— А скандалы оплачены. Кто бы про них знал и помнил, если бы не скандалы?
Он вздохнул.
— Я еще Машу искал, — тихонько признался.
Хотите верьте, хотите нет, но я ощутила настоящую ревность.
— Возле Дворца бракосочетаний караулил?
— Ага — по пятницам и субботам, а в воскресенье спать залегал — мне же в ночь на понедельник Емелю нужно было выслеживать…
— Машу я тебе, если хочешь, найду, — пообещала я весьма пасмурно.
— Правда?!
— Правда. Это как раз нетрудно. Только на что ты ей? Она теперь умная, на авось полагаться не станет. Ей теперь реальные деньги подавай.
Он почесал в затылке.
— Ну, так всегда было, — помолчав, рассудил он, довольно артистически скрыв обиду. Ведь кто говорил: хороша Маша, да не наша? Тот, кто к ней посвататься не мог. А сватался тот, у кого деньги…
И так вздохнул бедняга Авось, что мне всерьез стало его жалко.
— Ты по Машке не тоскуй! — бодро приказала я. — Машка теперь манекенщица! Знаешь, сколько человек ее помнит? Как пройдет по «языку» в собольем палантине, так ползала сразу подумает: хороша Маша, да не наша! А телезрители? А потом, когда фото в модных журналах напечатают? Ты ей скажешь — хороша Маша, она нос задерет и ответит: да не ваша.

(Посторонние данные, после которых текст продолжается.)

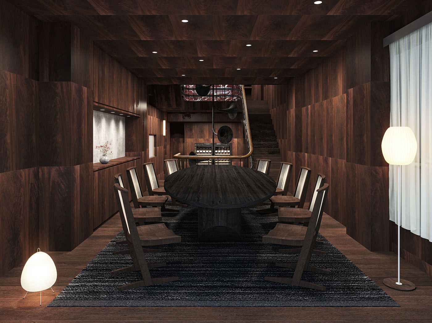浅草寺から徒歩数分の道路沿いに佇む一棟ビル。一見すると何の変哲もないこの古びた建物こそ、NOT A HOTELのオーナーが利用できるCLUB HOUSE「NOT A HOTEL ASAKUSA」にほかならない。扉を開けると眼前に広がるのは、外界と隔離された非日常の世界。3層吹き抜けの空間を螺旋階段と音楽がつなぐ。ここはオーベルジュで、多くの美食家を唸らせてきた中華の名店「桃仙閣 東京」を手がける林亮治シェフが1日1組限定で腕を振るう。
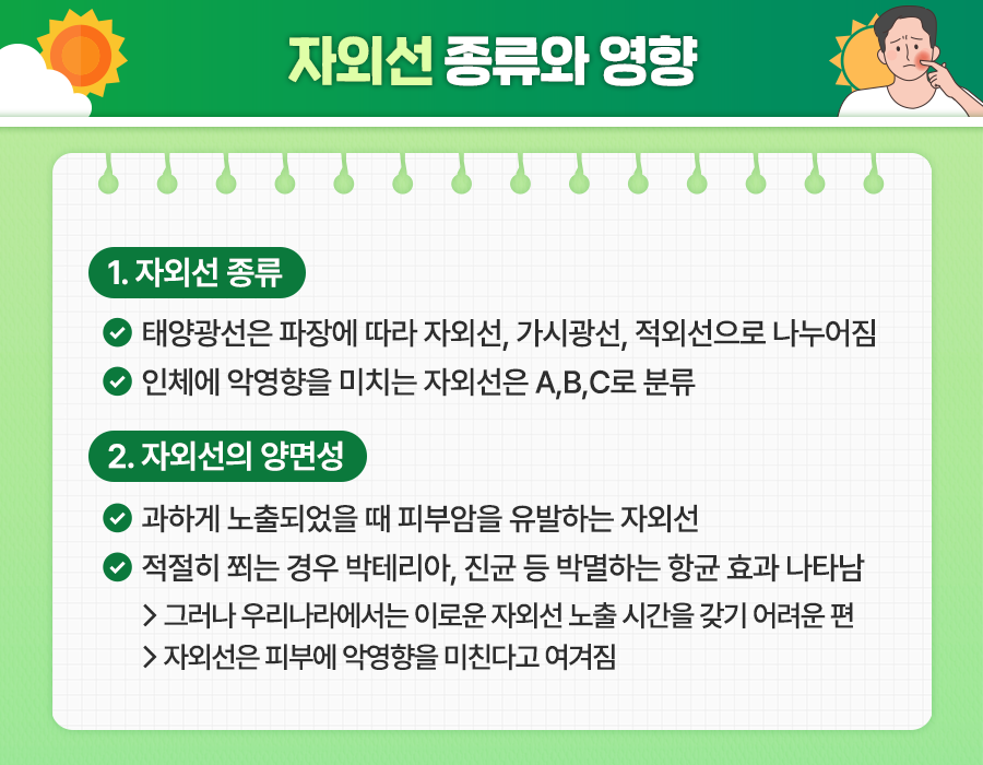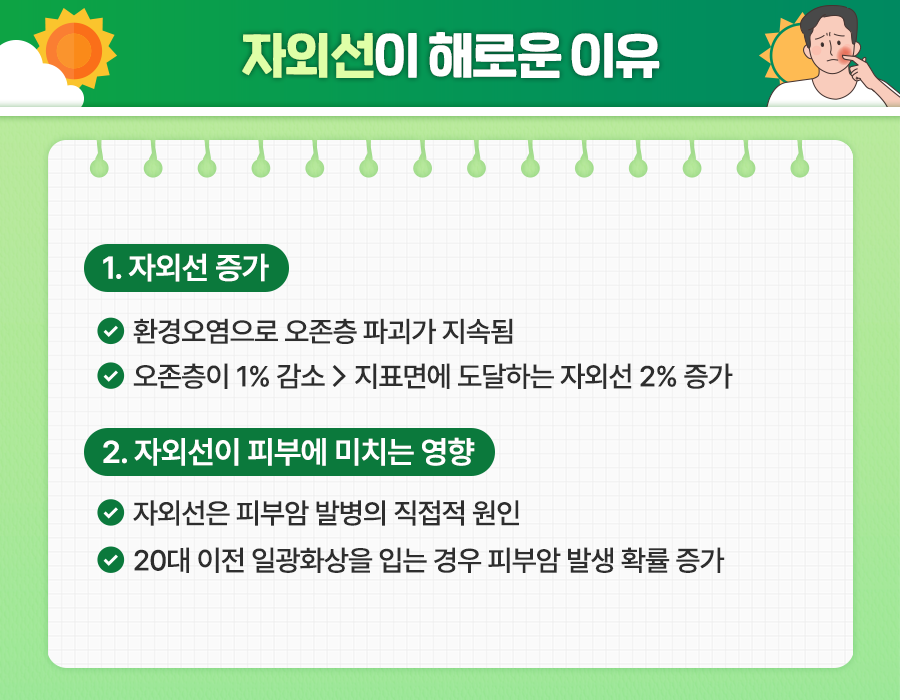 무더운 여름철 높은 기온만큼이나 ‘자외선’은 우리 생활에 영향을 주고 있습니다. 특히 지구 온난화 현상과 맞물려 최근에는 5~6월부터 낮의 온도가 25도를 웃돌고 있는데요. 기온이 높아진 만큼 햇빛 속 자외선도 강해져 피부에 영향을 주고 있습니다.

— Мне уходить? — вдруг спросил он.
— Куда ты пойдешь! Тебя первый же блинный патруль затормозит. Я не удивлюсь, если ты у них в розыске.
— Мне тоже так кажется, — сказал он. — Ведь многие только на меня и надеются, хотя вслух не говорят. А если соберутся, да скажут вслух, да еще хором: «Авось прорвемся!», то ведь и пойдут прорываться!

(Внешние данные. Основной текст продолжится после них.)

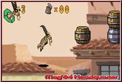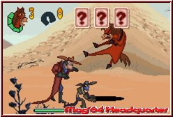 In der uns vorliegenden Testversion (US-Version) waren lediglich zwei Sprachen (Englisch, Französisch) anwählbar, in der deutschen Version soll aber mindestens eine weitere (Deutsch) hinzukommen. Obwohl während des Spielverlaufs eher selten Textkästen auf Eurem Bildschirm erscheinen, trefft Ihr während der Zwischensequenzen wesentlich häufiger auf diese. Um die Story - welche sich nahtlos an den aktuellen Kinofilm anlehnt - besser zu verstehen, solltet Ihr entweder dem Englischen mächtig sein, oder eben einfach zur deutschen Version greifen ;-) . Im Hauptmenü dürft Ihr zum einen unter "New Game" ein neues Spiel starten, im "Password"-Screen per vierstelliger Buchstabenkombination an einem zuvor erfolgreich beendeten Punkt erneut einsteigen, sich die "Options" ("Sound FX", "Music", "Language") zu Gemüte führen oder aber innerhalb der "Credits" die für das Spiel verantwortliche Crew bewundern. Nachdem die Halunken Alameda Slim, Rico und Konsorten aus dem Kittchen geflohen sind, liegt es nun an Euren zwei gestählten Helden, die fünf Banditen wieder hinter Schloss und Riegel zu bringen. Da die Ganoven es auf die glücklichen Kühe - wie Maggie - auf Eurer Weide abgesehen haben, versucht Ihr in der Rolle des Hengstes Buck sowie des Geißbocks Jeb, Eure Freunde vor dem Schlimmsten zu bewahren. Auf Eurer beschwerlichen Reise erhaltet Ihr tatkräftige Unterstützung vom Hoppelhasen Lucky Jack, der Euch Raffinessen innerhalb der Steuerung beibringt.

— Ты все еще не понял, что идти — некому? Города оккупированы, а деревни мало кому нужны, да за них Большой Блиняра с Большим Хренярой спокойны, потому что там исконно-посконная лексика все больше власть берет. Средства массовой информации — под контролем, в банк без «Хай!» и не входи…
Тут Авось прерывисто задышал, схватившись за горло. Я не сразу поняла, что это на него так «хай» подействовал. Когда поняла — ругнула себя за словечко. Надо же — само выскочило, я и не заметила.
Он кое-как продышался.
— Вот видишь? И с каждым днем этой дряни все больше и больше! Знаешь что, Авось? Возвращался бы ты туда, откуда явился. Там ты еще сколько-то продержишься. Видишь — когда все разбрелись, поодиночке еще кое-кто куда-то пристроился. Брось ты это дело!..
— Вы-то меня бросили, забыли, — он глянул исподлобья. — Да как же я-то вас брошу, если у вас на меня одна надежда? А, люди?..
Глава пятая Голь на выдумки хитра
Следующим подвигом Авося была охота на бомжей.
Разумеется, он не предупредил меня о своем безнадежном замысле, чтобы не стала отговаривать. Поэтому я первым делом столкнулась с последствиями: возвращаясь домой, увидела, что несколько кварталов оцеплено, а хреновый наряд проверяет документы.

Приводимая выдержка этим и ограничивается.